In Defense of the Faith | thebereancall.org

Hunt, Dave

How Can God Repent?

Question: In Genesis:6:6 we are told that “it repented the Lord that he had made man.” Jonah:3:10 says that “God repented of the evil that he had said that he would do unto them.” A number of other times throughout the Old Testament the same Hebrew word expresses a similar repentance on God’s part. How can God, who is supposedly perfect, repent? And why would He need to if He knows in advance all that is going to happen and allows it?

Response: It is true, as you say, that if God is perfect and knows in advance all that will happen, then He could not possibly “repent” in the sense of having been wrong. In fact, there are so many verses in the Bible declaring that God cannot repent in this sense that we may be assured He never has and never will. For example: “God is not a man, that he should lie, neither the son of man, that he should repent; hath he said and shall he not do it? Or hath he spoken and shall he not make it good?” (Numbers:23:19).

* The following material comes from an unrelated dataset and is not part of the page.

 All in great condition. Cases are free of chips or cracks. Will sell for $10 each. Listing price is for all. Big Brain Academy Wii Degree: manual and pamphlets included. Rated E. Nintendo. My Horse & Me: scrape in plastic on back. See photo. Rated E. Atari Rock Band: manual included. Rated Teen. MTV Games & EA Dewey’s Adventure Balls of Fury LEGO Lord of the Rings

Then what are we to understand when it says that God has repented or will repent? A number of verses provide the necessary insight. For example: “Therefore now amend your ways and your doings, and obey the voice of the Lord your God; and the Lord will repent him of the evil [judgment] that he hath pronounced against you” (Jeremiah:26:13). When God offers to “repent” of the judgment He has pronounced upon the wicked if they turn from their wickedness, it is quite clear that His “repentance” is simply His gracious response to man’s repentance. That fact is made clear by many Scriptures such as the following:

If the wicked will turn from all his sins that he hath committed, and keep all my statutes, and do that which is lawful and right, he shall surely live; he shall not die. (Ezekiel:18:21)

At what instant I shall speak concerning a nation and concerning a kingdom to pluck up and to pull down and to destroy it, if that nation against whom I have pronounced turn from their evil, I will repent of the evil that I thought to do unto them. (Jeremiah:18:7–8)

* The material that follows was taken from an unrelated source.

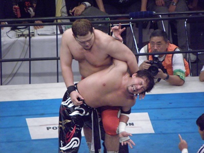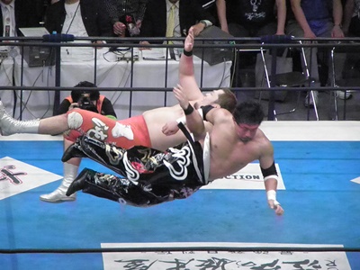 矢野鬼ころしに、TAJIRIフランケンシュタイナーに切り返す(右写真)。

A Change of Action, Not of Mind

Obviously if after the conditions He has set forth are fulfilled God then “repents,” He has not changed His attitude or actions because He was wrong or because He didn’t foresee the future. He has simply changed His action toward those who repented, exactly as He promised. There is neither remorse nor regret; nor is either of these possible for God. Such was the nature of His “repentance” in not destroying Nineveh, as Jonah had declared He would.

In each case where “repentance” is attributed to God, His action is quite consistent with the principle He has repeatedly laid down in His Word. Where there is repentance and turning from wickedness on the part of a person or nation, He will forgive and not execute the judgment that He has previously pronounced.

What then about God’s “repentance” in Genesis 6? It is evidently the converse of the above. Instead of the wicked turning to good, and as a result God “repenting” of the judgment He had pronounced upon them, those whom God had created and pronounced good had instead turned to wickedness. Consequently, God “repented” of the blessing He had promised them. In fact, so great was their wickedness that the whole of mankind that He had made deserved to be destroyed.

Fortunately, one man, Noah, “found grace in the eyes of the Lord” (Genesis:6:8). This fact tells us that although grace is free, as it must be, there are conditions for receiving it. God said, “My spirit shall not always strive with man” (Genesis:6:3). The time for judgment had come, but one man, in distinction to all the rest, was willing to repent and to obey God and thus could be a recipient of God’s grace.

Parents need to pattern their discipline after God’s example. There is a point of diminishing return, and finally of no return, in extending forgiveness to an erring child who always begs piteously for mercy. If there is never a punishment, then grace is meaningless and the required lesson is never learned. The grace that God extended to Noah had meaning only in relation to the judgment meted out upon all others. And so it is with the salvation God provides in Christ: it is meaningful and desirable only in light of the eternal judgment that we would otherwise have to endure for our sins.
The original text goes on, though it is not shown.